CROss Alliance Quality Assurance Unit, enforces the highest quality standards to ensure that all the CRO activities are performed and the data are generated, recorded, and reported in compliance with ICH-GCP and the applicable regulatory requirement(s):
Quality is ensured through:
- Documented, SOP based, work-flow;
- Systematic, documented and effective controls of all study steps (from protocol to final report and archiving);
- Systematic, documented subcontractors audits (e.g. analytical and clinical labs) to ensure reliability and compliance to the highest quality standards;
- Continuous and documented training to ensure that the staff is always qualified and updated with the latest regulatory requirements;
- Tight connection with Quality Associations (e.g.
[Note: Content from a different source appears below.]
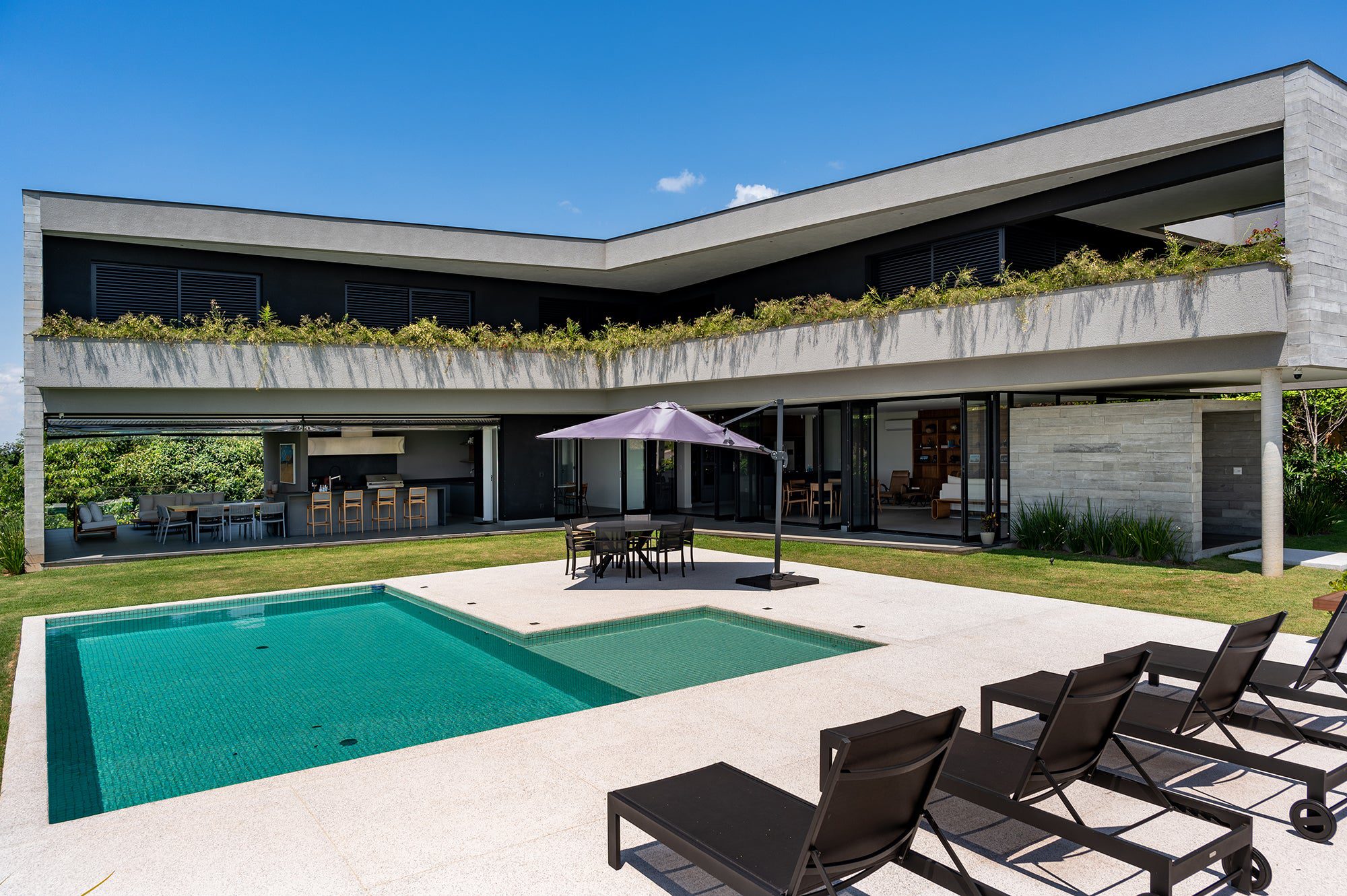 Projeto: Roberto de Pietro O terreno de 1.300 m² trouxe o desafio de equilibrar vista e privacidade. A implantação em L foi a solução para garantir conforto e resguardo visual. O paisagismo de Roberto Riscala […]

RQA formerly Barqa & Giqar);
As additional service, we provide:
- Audits to facilities, trials and registration dossiers to assess compliance with Clients requirements and/or national or international quality standards;
- GCP training to Investigator or key study staff member (being CROSS Research officially recognised as GCP Training Provider at Investigator level by Swissethics).
CROss Alliance® experienced staff prepares and presents the Clinical Trial Application (CTA) package to gain regulatory approval for clinical studies from the relevant Ethics Committee and Central Agencies in Switzerland and all Europe.
After study completion, our group has in-house skills and background experience to support our Sponsors in answering all the questions related to the performed clinical part that may arise from Regulatory Authorities throughout the marketing authorization process.